Letter: Framers wise to have Electoral College

Every time a presidential election results in more popular votes for the losing candidate there is an outcry for a constitutional change in the electoral system to “one person, one vote.”

The framers saw the pitfalls in such. The U.S. Senate is comprised of two persons from each state, and the U.S. House is dependent on the total number of people living there whether legal or not, and whether temporary or not. Thus, small states rate one person in Congress irrespective of their size. This is to provide a balance of power between large states with large urban populations from running the country with little or no input from smaller states with more rural populations.

Hillary won by nearly 400,000 popular votes. Discounting the votes of tiny Manhattan, she would have lost by a similar number. Trump won two out of every three states and thus won nearly three-fourths of the Electoral College. He also won an even larger percentage of American counties.

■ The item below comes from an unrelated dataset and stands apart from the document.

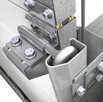 Bisagra lateral doble Novoferm utiliza una bisagra lateral doble para las puertas con vanos superiores a 5 metros de anchura. Esto garantiza el funcionamiento uniforme también de las puertas pesadas.
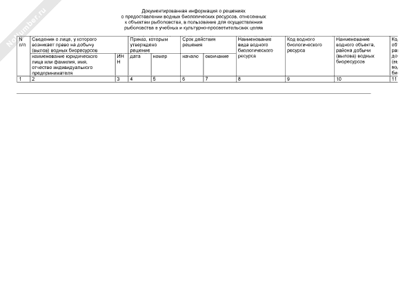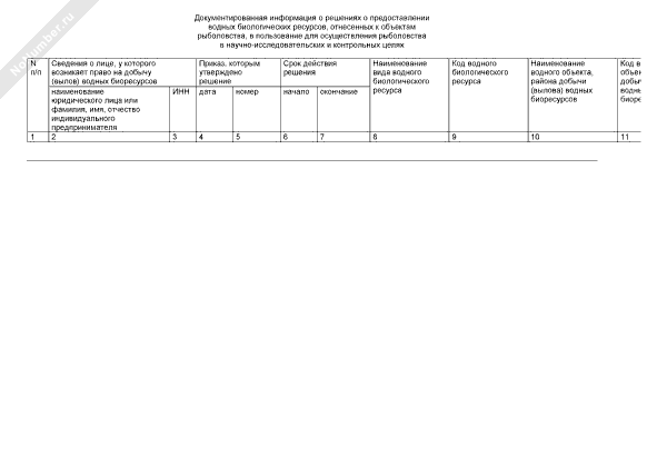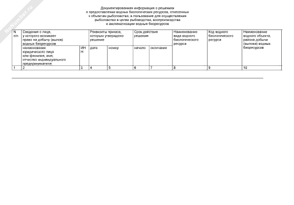 - 675Права на добычу (вылов) водных биоресурсов, отнесенных к объектам рыболовства. Документированная информация о решениях о предоставлении водных биологических ресурсов, отнесенных к объектам рыболовства, в пользование для осуществления рыболовства в целях рыбоводства, воспроизводства и акклиматизации водных биоресурсов. Форма № 4.2.5.-грр

Our forefathers were wise to deliberately provide all states a certain measure of input into the makeup of Congress (and to not let elections and governmental control reside solely in the hands of large urban populations). If Congress and the Electoral College were numerically based on the number of Alaskan residents, we would have essentially no voice in national government.

I believed in the wisdom of this system for the 20 years I was a Democrat, believed in it later as an Independent, and still now as a Republican believe in it. I consider it not a political issue, but one of providing voice to all citizens, irrespective of party or where they live.